**TASK INSTRUCTIONS**
Exactly the lines below from the line with "45+3' Gangwon took" through the line with "- China logra" must make up the answer, both ends included and pictures left out.

**MATERIAL TO PROCESS**
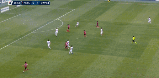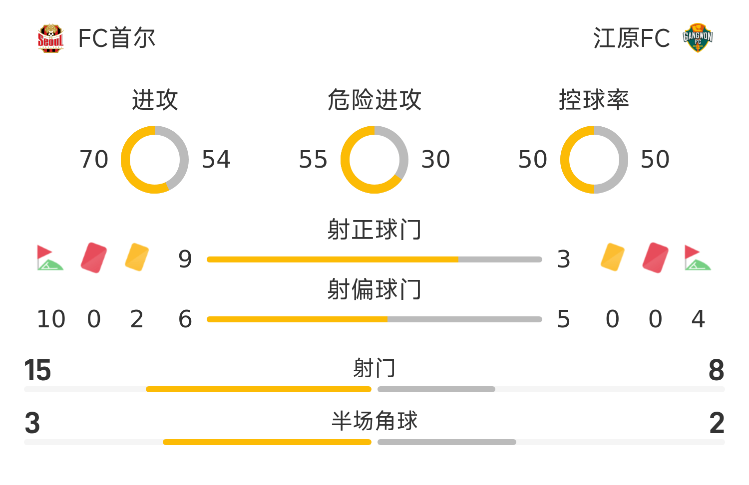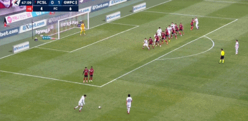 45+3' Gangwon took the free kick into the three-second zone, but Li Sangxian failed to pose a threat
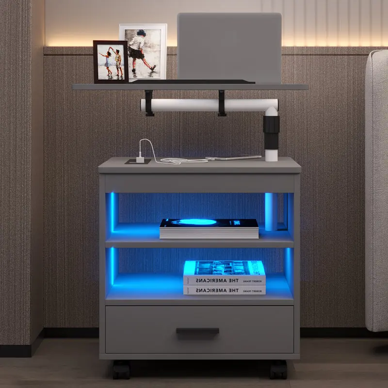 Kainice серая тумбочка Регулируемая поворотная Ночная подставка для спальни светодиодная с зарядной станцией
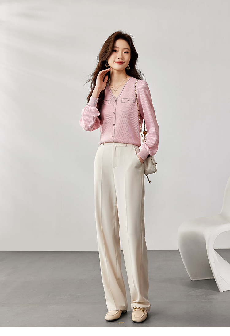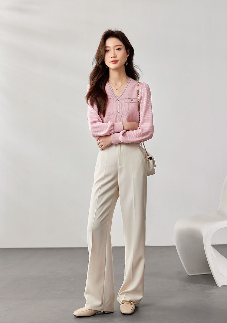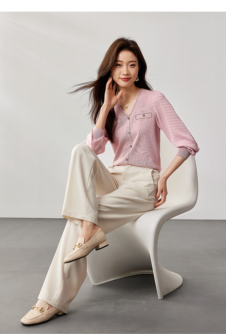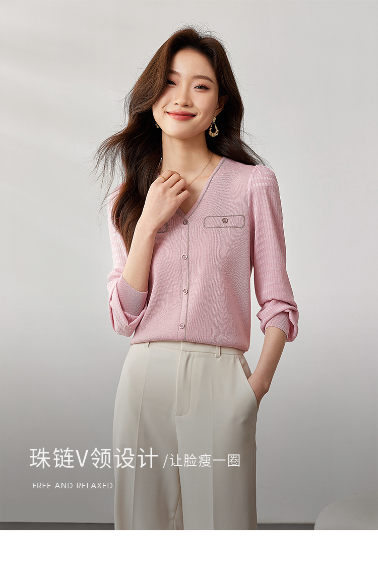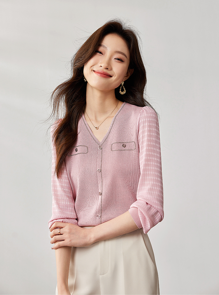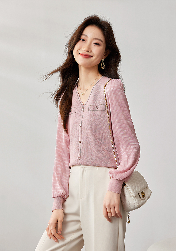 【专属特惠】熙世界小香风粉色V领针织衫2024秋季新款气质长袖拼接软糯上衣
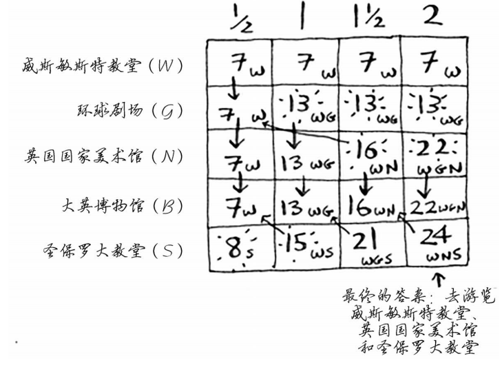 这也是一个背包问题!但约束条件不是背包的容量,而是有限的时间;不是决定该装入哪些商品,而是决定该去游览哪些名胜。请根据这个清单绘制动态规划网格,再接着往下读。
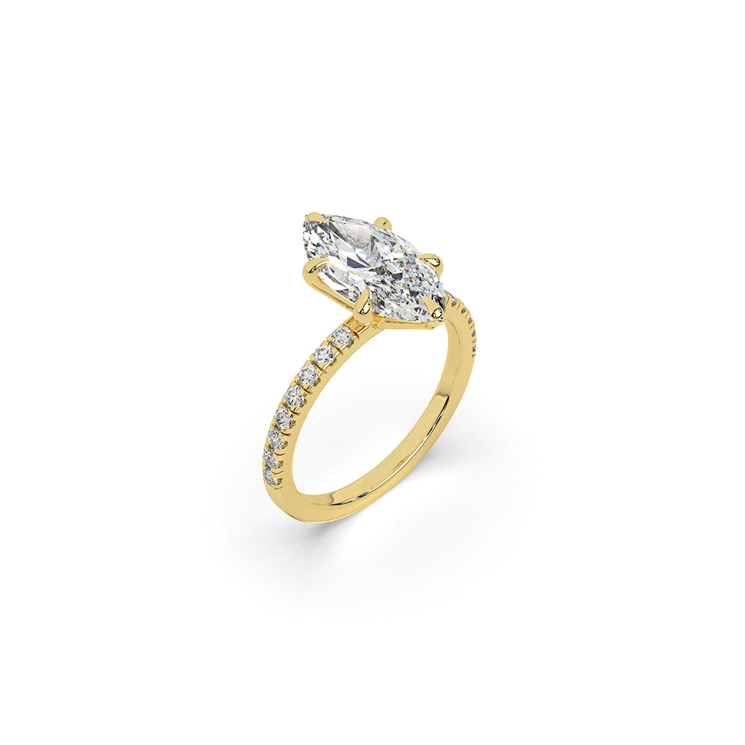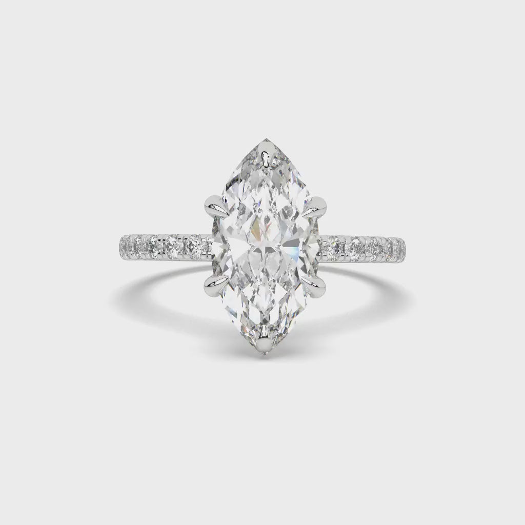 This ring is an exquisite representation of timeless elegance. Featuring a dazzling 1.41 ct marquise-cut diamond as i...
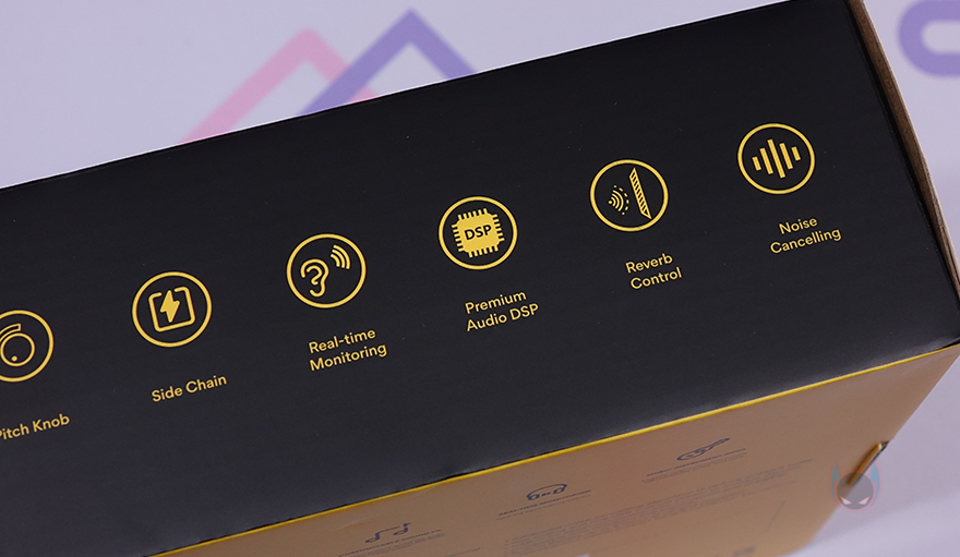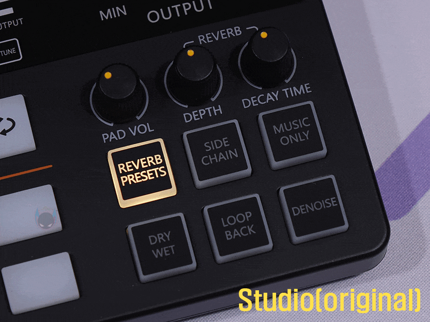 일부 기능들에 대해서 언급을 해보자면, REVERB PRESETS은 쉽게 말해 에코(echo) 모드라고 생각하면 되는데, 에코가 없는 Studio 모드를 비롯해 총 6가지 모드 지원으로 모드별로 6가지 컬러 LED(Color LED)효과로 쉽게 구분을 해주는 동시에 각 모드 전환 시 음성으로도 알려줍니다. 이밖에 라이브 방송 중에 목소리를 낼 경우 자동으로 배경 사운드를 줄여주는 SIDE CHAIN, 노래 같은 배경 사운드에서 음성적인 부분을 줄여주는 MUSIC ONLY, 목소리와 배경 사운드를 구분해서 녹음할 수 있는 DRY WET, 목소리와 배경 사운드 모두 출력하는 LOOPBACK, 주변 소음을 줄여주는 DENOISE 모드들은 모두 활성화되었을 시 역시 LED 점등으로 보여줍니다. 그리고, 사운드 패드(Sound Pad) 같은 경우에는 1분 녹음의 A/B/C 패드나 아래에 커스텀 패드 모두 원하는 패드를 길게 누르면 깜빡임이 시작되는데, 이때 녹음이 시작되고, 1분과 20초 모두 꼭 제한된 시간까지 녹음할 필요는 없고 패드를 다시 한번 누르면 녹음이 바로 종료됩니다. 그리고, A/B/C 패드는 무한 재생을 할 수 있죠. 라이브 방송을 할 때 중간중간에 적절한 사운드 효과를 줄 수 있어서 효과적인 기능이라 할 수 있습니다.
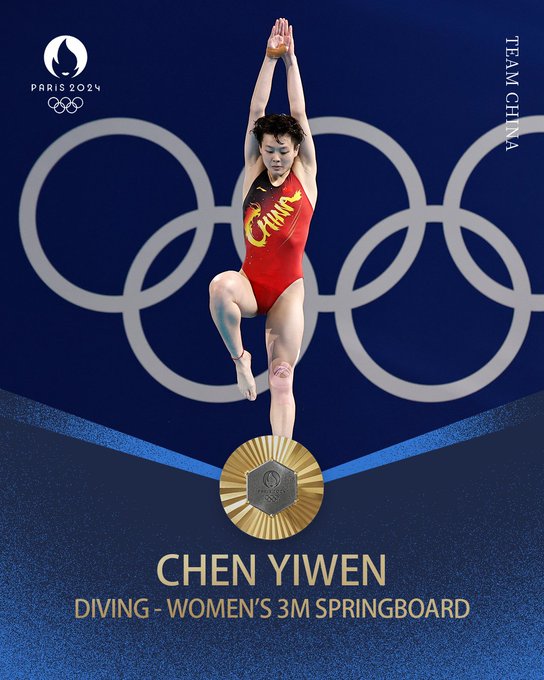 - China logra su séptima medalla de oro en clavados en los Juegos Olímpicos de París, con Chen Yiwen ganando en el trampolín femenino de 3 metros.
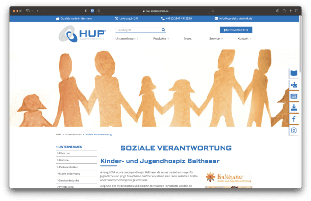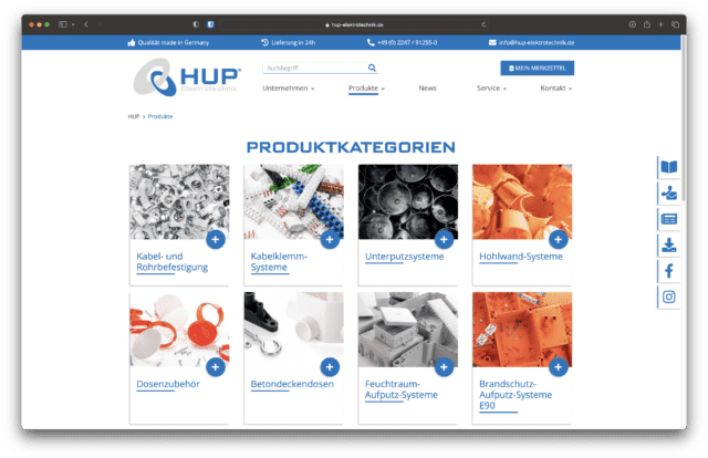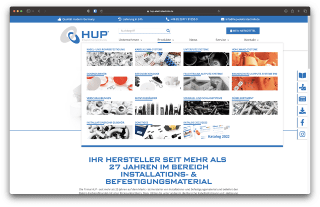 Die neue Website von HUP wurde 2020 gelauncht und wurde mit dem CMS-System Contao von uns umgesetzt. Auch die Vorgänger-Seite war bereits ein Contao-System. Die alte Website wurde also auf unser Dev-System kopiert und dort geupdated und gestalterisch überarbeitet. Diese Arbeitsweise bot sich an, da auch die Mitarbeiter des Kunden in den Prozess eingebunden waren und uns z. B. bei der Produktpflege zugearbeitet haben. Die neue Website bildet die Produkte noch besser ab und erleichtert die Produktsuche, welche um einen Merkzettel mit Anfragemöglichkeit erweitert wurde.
--
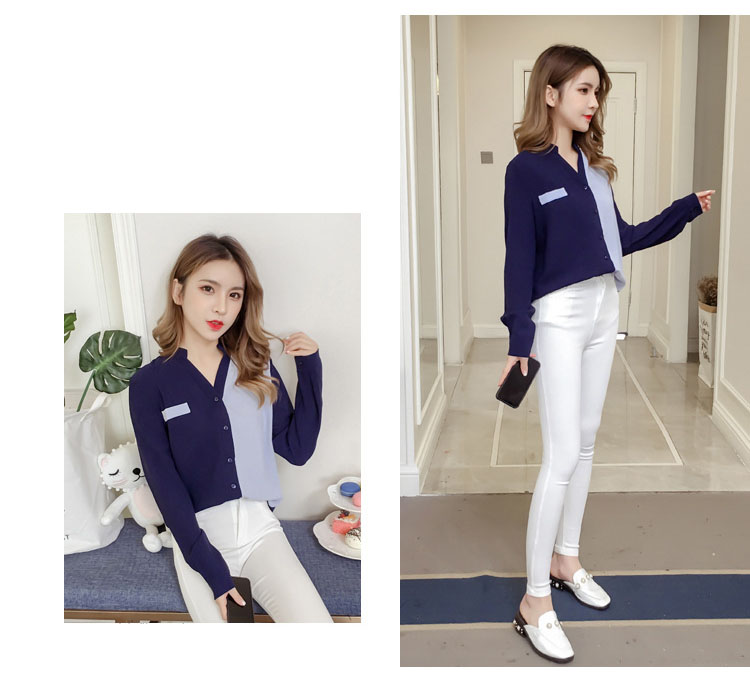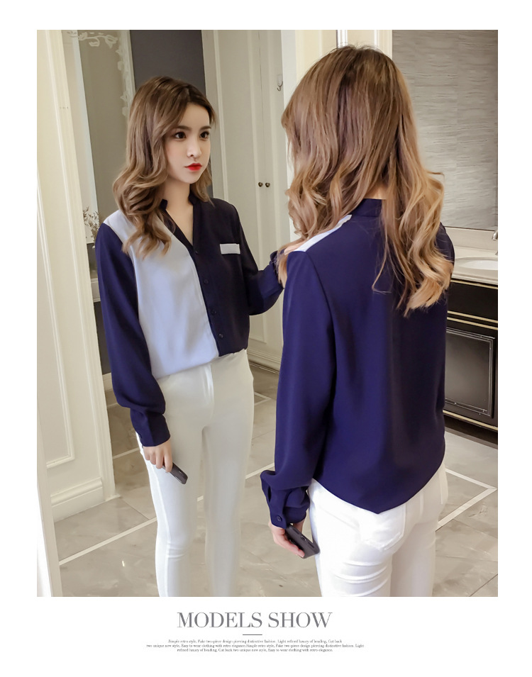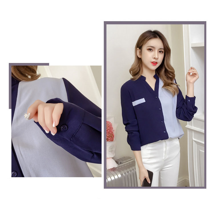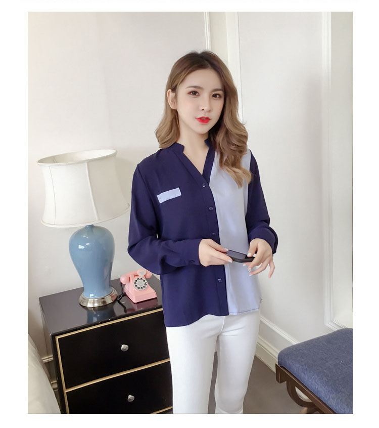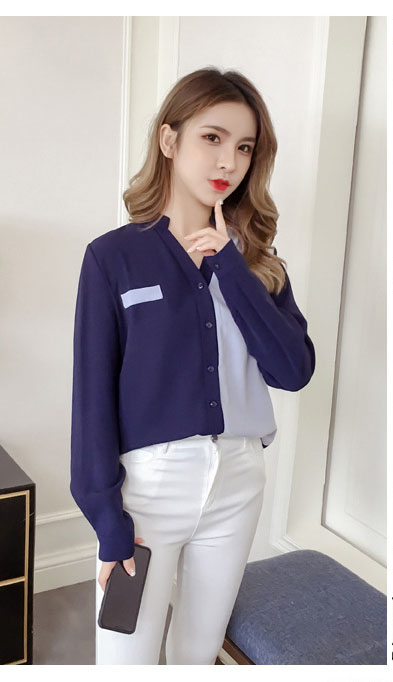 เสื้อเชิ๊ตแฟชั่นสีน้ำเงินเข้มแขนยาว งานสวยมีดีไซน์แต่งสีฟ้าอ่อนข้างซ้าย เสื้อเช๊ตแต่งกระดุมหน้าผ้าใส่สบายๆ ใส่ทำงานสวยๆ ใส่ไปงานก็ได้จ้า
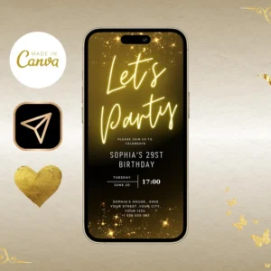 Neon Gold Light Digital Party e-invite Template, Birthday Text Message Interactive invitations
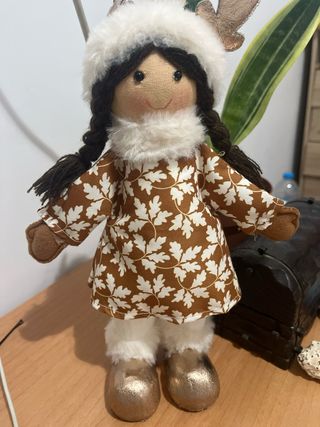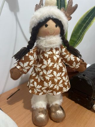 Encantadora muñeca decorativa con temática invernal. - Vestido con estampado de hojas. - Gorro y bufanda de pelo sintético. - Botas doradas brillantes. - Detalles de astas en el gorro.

**ANSWER TO THE EXERCISE**
 45+3' Gangwon took the free kick into the three-second zone, but Li Sangxian failed to pose a threat
 Kainice серая тумбочка Регулируемая поворотная Ночная подставка для спальни светодиодная с зарядной станцией
 【专属特惠】熙世界小香风粉色V领针织衫2024秋季新款气质长袖拼接软糯上衣
 这也是一个背包问题!但约束条件不是背包的容量,而是有限的时间;不是决定该装入哪些商品,而是决定该去游览哪些名胜。请根据这个清单绘制动态规划网格,再接着往下读。
 This ring is an exquisite representation of timeless elegance. Featuring a dazzling 1.41 ct marquise-cut diamond as i...
 일부 기능들에 대해서 언급을 해보자면, REVERB PRESETS은 쉽게 말해 에코(echo) 모드라고 생각하면 되는데, 에코가 없는 Studio 모드를 비롯해 총 6가지 모드 지원으로 모드별로 6가지 컬러 LED(Color LED)효과로 쉽게 구분을 해주는 동시에 각 모드 전환 시 음성으로도 알려줍니다. 이밖에 라이브 방송 중에 목소리를 낼 경우 자동으로 배경 사운드를 줄여주는 SIDE CHAIN, 노래 같은 배경 사운드에서 음성적인 부분을 줄여주는 MUSIC ONLY, 목소리와 배경 사운드를 구분해서 녹음할 수 있는 DRY WET, 목소리와 배경 사운드 모두 출력하는 LOOPBACK, 주변 소음을 줄여주는 DENOISE 모드들은 모두 활성화되었을 시 역시 LED 점등으로 보여줍니다. 그리고, 사운드 패드(Sound Pad) 같은 경우에는 1분 녹음의 A/B/C 패드나 아래에 커스텀 패드 모두 원하는 패드를 길게 누르면 깜빡임이 시작되는데, 이때 녹음이 시작되고, 1분과 20초 모두 꼭 제한된 시간까지 녹음할 필요는 없고 패드를 다시 한번 누르면 녹음이 바로 종료됩니다. 그리고, A/B/C 패드는 무한 재생을 할 수 있죠. 라이브 방송을 할 때 중간중간에 적절한 사운드 효과를 줄 수 있어서 효과적인 기능이라 할 수 있습니다.
 - China logra su séptima medalla de oro en clavados en los Juegos Olímpicos de París, con Chen Yiwen ganando en el trampolín femenino de 3 metros.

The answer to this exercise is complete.